Exercise objective: Leaving out all pictures, write out word for word the lines from the one containing "Al Muro del" to the end of the data below.

Stored data:
Content starts
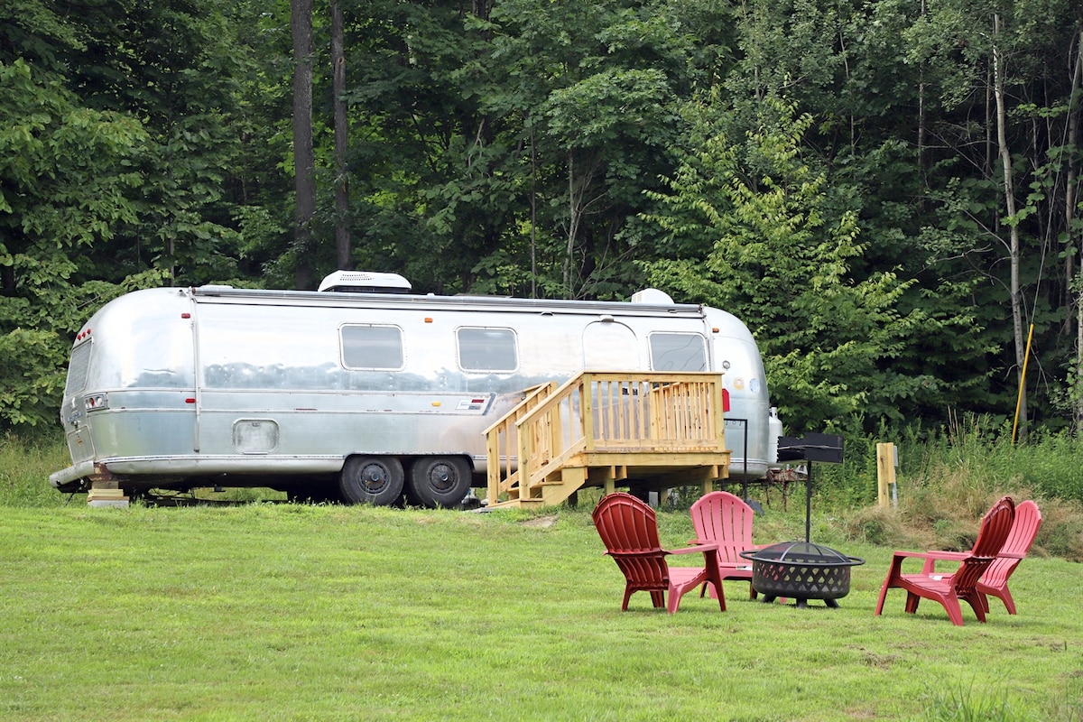 तुर्की हिलवरील एअरस्ट्रीममध्ये तुमचे स्वागत आहे! हे एअरस्ट्रीम एक अनोखा आणि साहसी लॉजिंगचा अनुभव देते. नयनरम्य लोकेशनवर पार्क केलेल्या सुंदर रीस्टोअर केलेल्या व्हिन्टेज एअरस्ट्रीममध्ये वास्तव्य करण्याची कल्पना करा. आत तुम्हाला उबदार पण स्टाईलिश फर्निचर, मूलभूत कुकिंगसाठी सुसज्ज एक कॉम्पॅक्ट किचन आणि एक आरामदायक क्वीन बेड आणि एक खाट सापडेल. कॉम्पॅक्ट आकार आरामात तडजोड करत नाही; त्याऐवजी, ते जागेचे मोहक आणि आरामदायकपणा वाढवते.
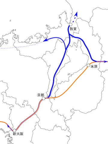 京都〜新大阪は東海道新幹線に腹付け線増(複々線化)とするか、或いは鯖街道ルート(仮)≠基本としながら、京都市街地を大深度地下で通過して現京都駅直下に北陸新幹線の駅を建設し、そのまま地下を、なるべく新大阪近くまで通し、既設新幹線と接続する案もあります。こうすれば、東海道新幹線への乗り入れに伴うダイヤや経営上の問題を回避したうえ、列車を山陽新幹線に直通運転させることも可能になります。建設費は大きくなりますが、それだけの価値はあるはずです。
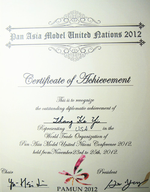2012年11月23日至25日,由台湾大学主办的第四届泛亚洲模拟联合国大会在台湾台北市张荣发会议中心举行。我院传播学系本科生张可一代表厦门大学模拟联合国协会参会。在为期三天的四场会议中,张可一作为美国代表发挥出色,在百余名代表中脱颖而出,获得委员会最高奖项――最佳代表奖。
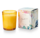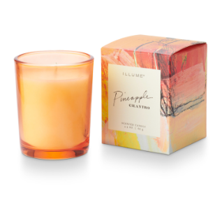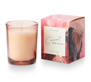 A limited edition tinted glass votive, tucked inside a gift-ready box featuring the abstract paintings of ILLUME founder,Lynette Reed.
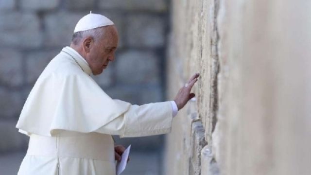 Al Muro del Pianto - Papa Francesco, accolto dal rabbino capo, è poi arrivato al Muro Occidentale, frammento del muro di sostegno della Spianata del Tempio di Salomone, distrutto in epoca romana. Il Papa ha sostato da solo davanti al Muro, ha poggiato la mano sulle pietre e vi ha posto un biglietto, raccogliendosi in preghiera silenziosa per alcuni minuti. Nel biglietto il testo del Padre Nostro in lingua spagnola. "Sono venuto a pregare e ho chiesto al Signore la grazia della pace", ha scritto il Papa nel libro d'onore. Le parole sono state riferito de lui stesso al gran rabbino di Israele prima di lasciare il sito.
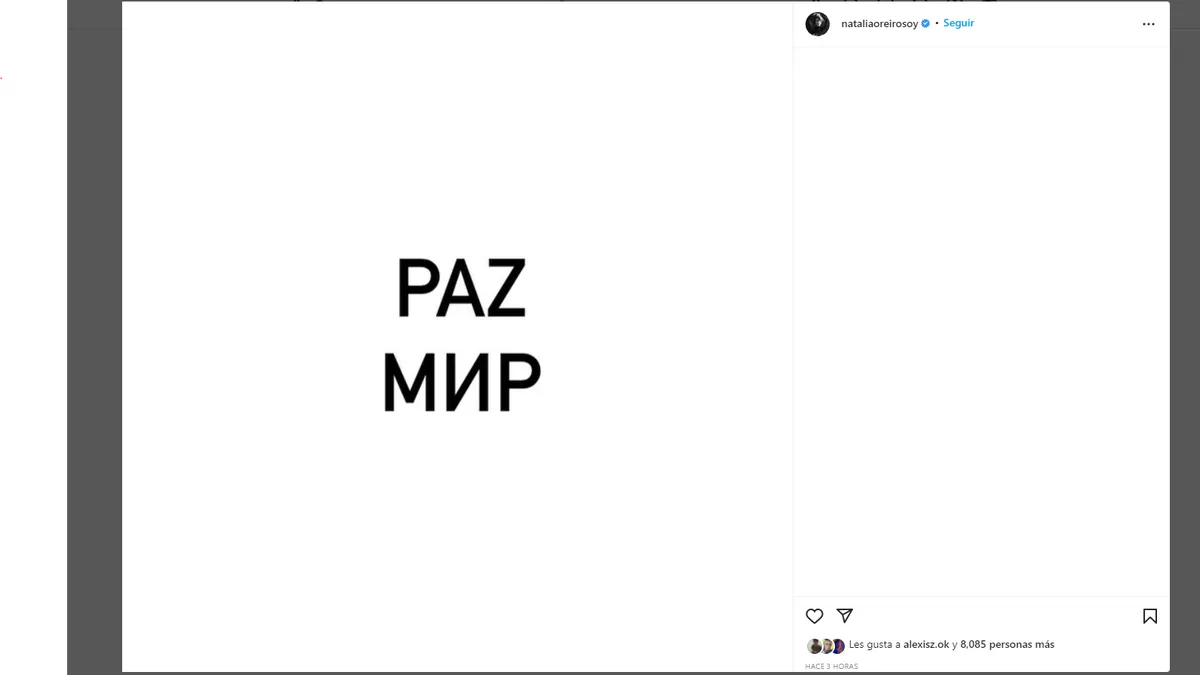 "Queremos paz", fue una de las frases que Oreiro compartió en sus redes ante el conflicto bélico entre ambos países.
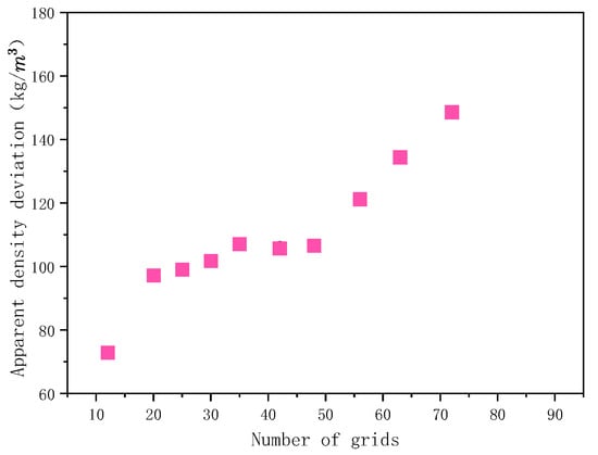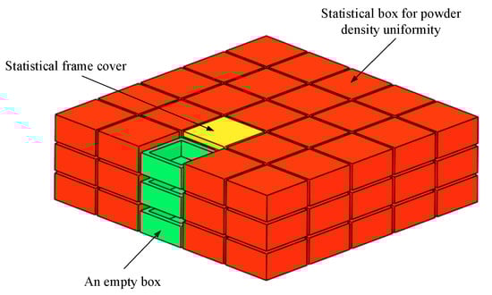 The standard deviation of the apparent density of the powder layer in the formation region is denoted by , which can be used to represent the density uniformity of the powder layer. The standard deviation S of the apparent density of the powder layer can be expressed as:
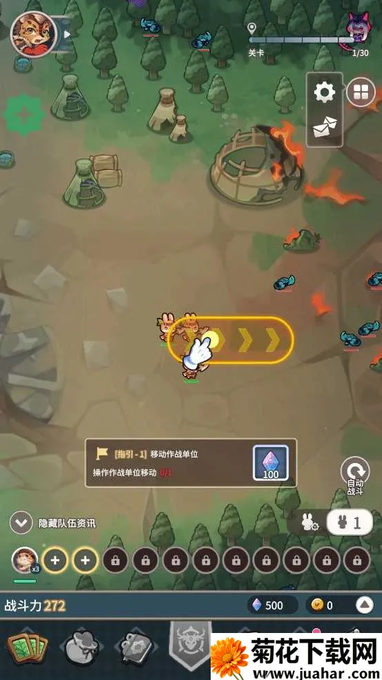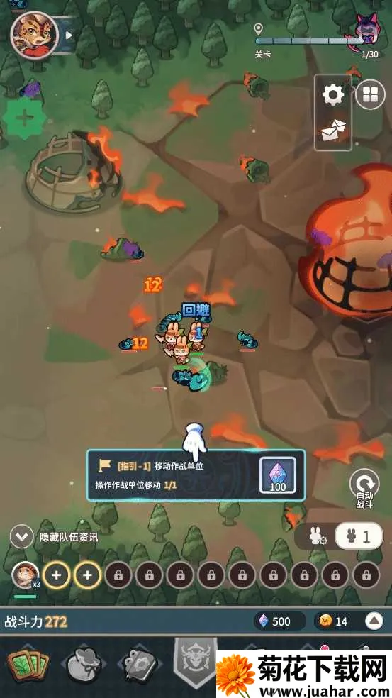 2.拖动队伍进行移动,寻找敌人开始战斗
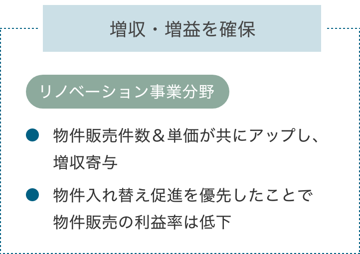 リノヴェックスマンション販売は、販売件数が前年同期比で11.6%増の652件だったことに加え、平均販売価格が前年同期を9.5%上回る2,856万円に上昇し、売上高は前年同期比22.9%の増収に。
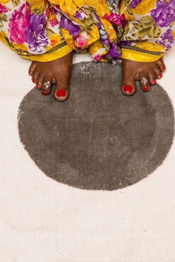The design is hand-pressed onto each rug using hand-carved wooden blocks dipped in dyes. All rugs are made in small batches.
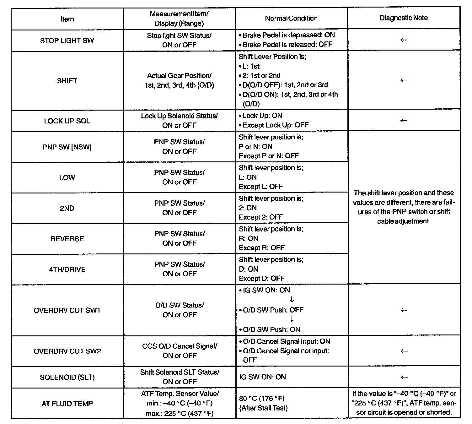 DATA LISTHINT: According to the DATA LIST displayed by the OBD II scan tool or Hand-held tester, you can read the value of the switch, sensor, actuator and so on without parts removal. Reading the DATA LIST as a first step of troubleshooting is one of the method to shorten the labor time.
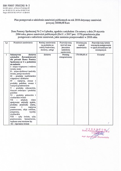 Plan postępowań o udzielenie zamówień publicznych na rok 2018 dla DPS Nr 2 w Lęborku powyżej 30000 E
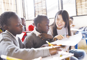 为肯尼亚贫民窟儿童“造梦” 8月2日,在肯尼亚首都内罗毕第二大贫民窟马萨雷的长青造梦小学,“造梦”公益组织的志愿者陈舒捷(右一)在给学生们上课。“造梦”公益组织分别于2014年7月和2015年7月在肯尼亚首都内罗毕的马萨雷贫民窟建立长荣希望小学和长青造梦小学,每年招募15到25名大学生志愿者前往肯尼亚支教,开展贫民窟援助项目。新华社发
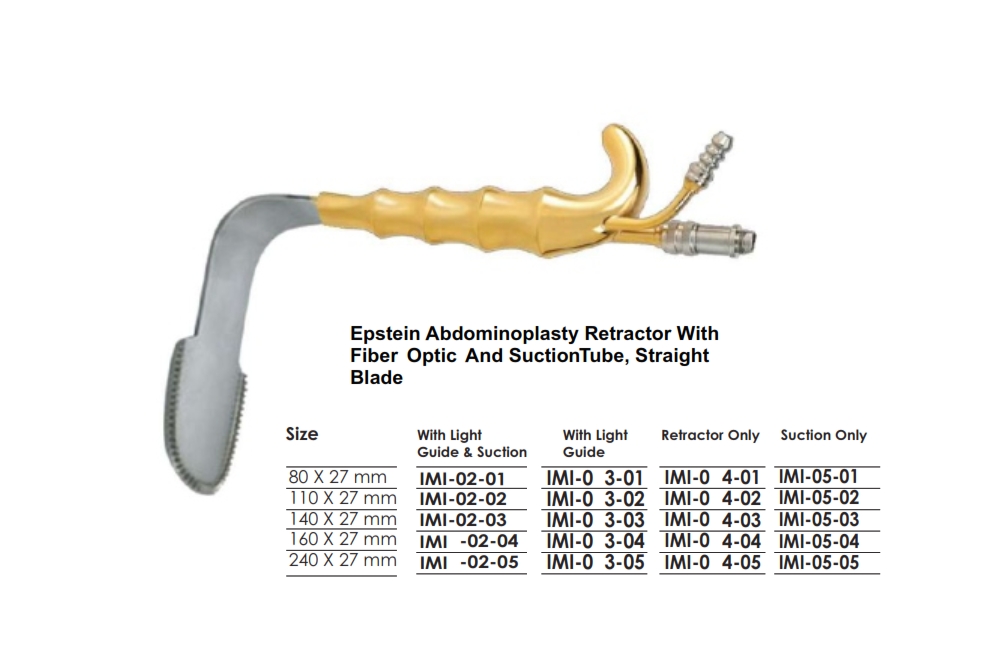 / Epstein Abdominoplasty Retractor With Fiber Optic And SuctionTube, Straight Blade
Content ends
Result of this exercise:
 Al Muro del Pianto - Papa Francesco, accolto dal rabbino capo, è poi arrivato al Muro Occidentale, frammento del muro di sostegno della Spianata del Tempio di Salomone, distrutto in epoca romana. Il Papa ha sostato da solo davanti al Muro, ha poggiato la mano sulle pietre e vi ha posto un biglietto, raccogliendosi in preghiera silenziosa per alcuni minuti. Nel biglietto il testo del Padre Nostro in lingua spagnola. "Sono venuto a pregare e ho chiesto al Signore la grazia della pace", ha scritto il Papa nel libro d'onore. Le parole sono state riferito de lui stesso al gran rabbino di Israele prima di lasciare il sito.
 "Queremos paz", fue una de las frases que Oreiro compartió en sus redes ante el conflicto bélico entre ambos países.
 The standard deviation of the apparent density of the powder layer in the formation region is denoted by , which can be used to represent the density uniformity of the powder layer. The standard deviation S of the apparent density of the powder layer can be expressed as:
 2.拖动队伍进行移动,寻找敌人开始战斗
 リノヴェックスマンション販売は、販売件数が前年同期比で11.6%増の652件だったことに加え、平均販売価格が前年同期を9.5%上回る2,856万円に上昇し、売上高は前年同期比22.9%の増収に。
The design is hand-pressed onto each rug using hand-carved wooden blocks dipped in dyes. All rugs are made in small batches.
 DATA LISTHINT: According to the DATA LIST displayed by the OBD II scan tool or Hand-held tester, you can read the value of the switch, sensor, actuator and so on without parts removal. Reading the DATA LIST as a first step of troubleshooting is one of the method to shorten the labor time.
 Plan postępowań o udzielenie zamówień publicznych na rok 2018 dla DPS Nr 2 w Lęborku powyżej 30000 E
 为肯尼亚贫民窟儿童“造梦” 8月2日,在肯尼亚首都内罗毕第二大贫民窟马萨雷的长青造梦小学,“造梦”公益组织的志愿者陈舒捷(右一)在给学生们上课。“造梦”公益组织分别于2014年7月和2015年7月在肯尼亚首都内罗毕的马萨雷贫民窟建立长荣希望小学和长青造梦小学,每年招募15到25名大学生志愿者前往肯尼亚支教,开展贫民窟援助项目。新华社发
 / Epstein Abdominoplasty Retractor With Fiber Optic And SuctionTube, Straight Blade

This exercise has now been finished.